WHAT YOU ARE ASKED TO DO.
The expected result is an exact copy of the lines from the one holding "Женщина в коротком" to the last line of the material, with pictures removed and nothing added.

[[ PROVIDED DATA, beginning ]]

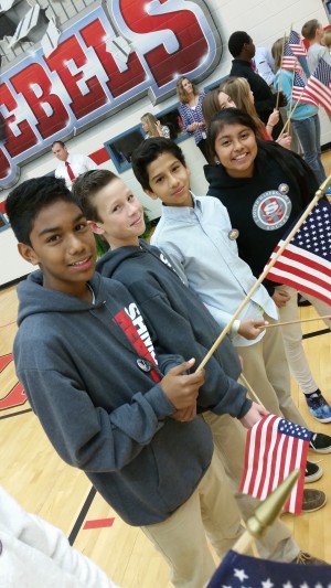 Students greeted veterans with flags and smiles during the school’s annual Veterans Day celebration on Nov. 10, 2014. (photo by Melinda Wallace)
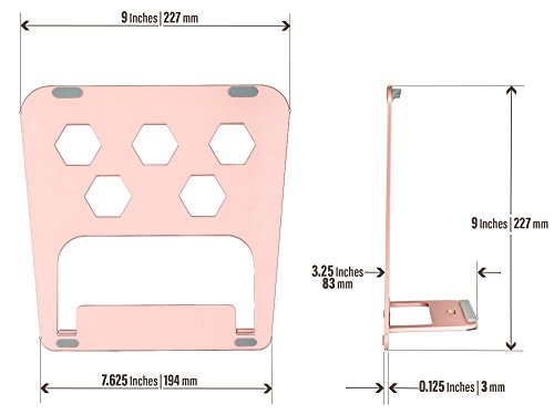 -. Feature : ERGONOMIC LAPTOP STAND: For laptops between 10-15 inches, this portable laptop stand elevates the keyboard and screen to an ergonomically beneficial angle so you can type and read more comfortably and folds down flat to easily carry easily in a computer backpack or case / SLEEK AND LIGHTWEIGHT LAPTOP STAND: Ideal for people who spend hours at a time on a computer and experience neck, hand and arm strain, this folding laptop desk adjusts to your desired height and gives you a place to hide cables and chargers for a cleaner looking desktop / ELEGANT HEAVY-DUTY STURDY DESIGN LAPTOP STAND: Constructed of polished, high-strength aluminum that will not bend or break, safely holds MacBooks, Chromebooks and other laptops and includes a sleek polished aluminum silver finish that blends nicely with most laptop frames / LAPTOP STAND WITH BUILT-IN PASSIVE COOLING PAD: Allows better airflow than conventional plastic or wooden laptop risers with integrated honeycomb cooling vents for optimum air flow that helps keep laptops cooler without the need of a noisy fan or other cooling device / NO-SLIP DESIGN LAPTOP STAND: This foldable and portable keyboard lift includes silicone rubber feet and pads that keep your computer from moving or wobbling while typing, pling in cables or removing media from the USB ports
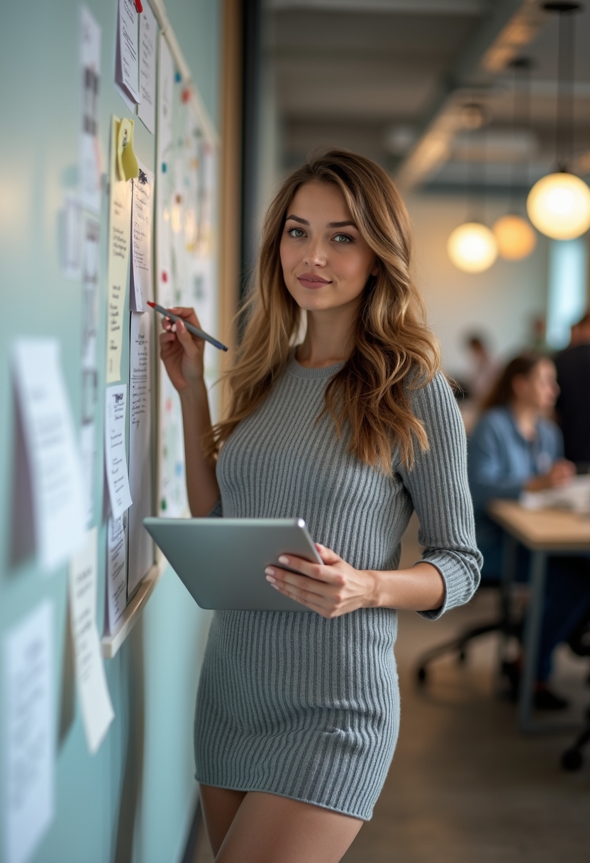 Женщина в коротком трикотажном платье и кедах стоит у доски с заметками, держа в руках маркеры и планшет. Она слегка опирается на стол, взгляд направлен в камеру, позади офисная суета. Крупный план.
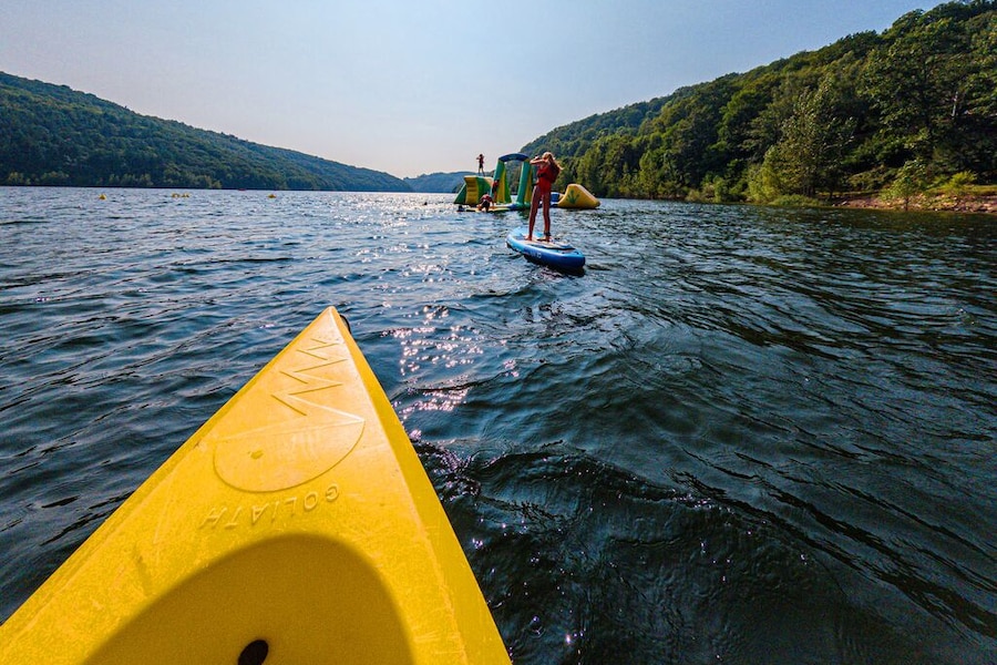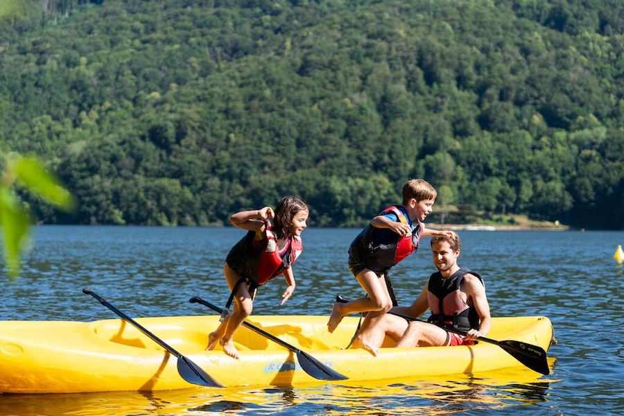 Op deze camping is er altijd iets te beleven. Zo is er een multisportveld aanwezig voor een potje jeu-de-boules en waterliefhebbers kunnen kano's en waterfietsen huren om het meer te verkennen. Waaghalzen kunnen het meer ook bewonderen vanaf de kabelbaan over het water. In het hoogseizoen is er een miniclub voor de kleintjes en worden er sportevenementen en muziekavonden georganiseerd voor het hele gezin.In de omgeving is ook van alles te zien. Trek er bijvoorbeeld op uit om de watervallen te ontdekken. En val niet direct in slaap zodra het donker is. Op heldere dagen is een kijkje naar de sterrenhemel een heerlijke afsluiter van je vakantiedag.

[[ PROVIDED DATA, end ]]

SOLUTION FOR THIS EXERCISE.
 Женщина в коротком трикотажном платье и кедах стоит у доски с заметками, держа в руках маркеры и планшет. Она слегка опирается на стол, взгляд направлен в камеру, позади офисная суета. Крупный план.
 Op deze camping is er altijd iets te beleven. Zo is er een multisportveld aanwezig voor een potje jeu-de-boules en waterliefhebbers kunnen kano's en waterfietsen huren om het meer te verkennen. Waaghalzen kunnen het meer ook bewonderen vanaf de kabelbaan over het water. In het hoogseizoen is er een miniclub voor de kleintjes en worden er sportevenementen en muziekavonden georganiseerd voor het hele gezin.In de omgeving is ook van alles te zien. Trek er bijvoorbeeld op uit om de watervallen te ontdekken. En val niet direct in slaap zodra het donker is. Op heldere dagen is een kijkje naar de sterrenhemel een heerlijke afsluiter van je vakantiedag.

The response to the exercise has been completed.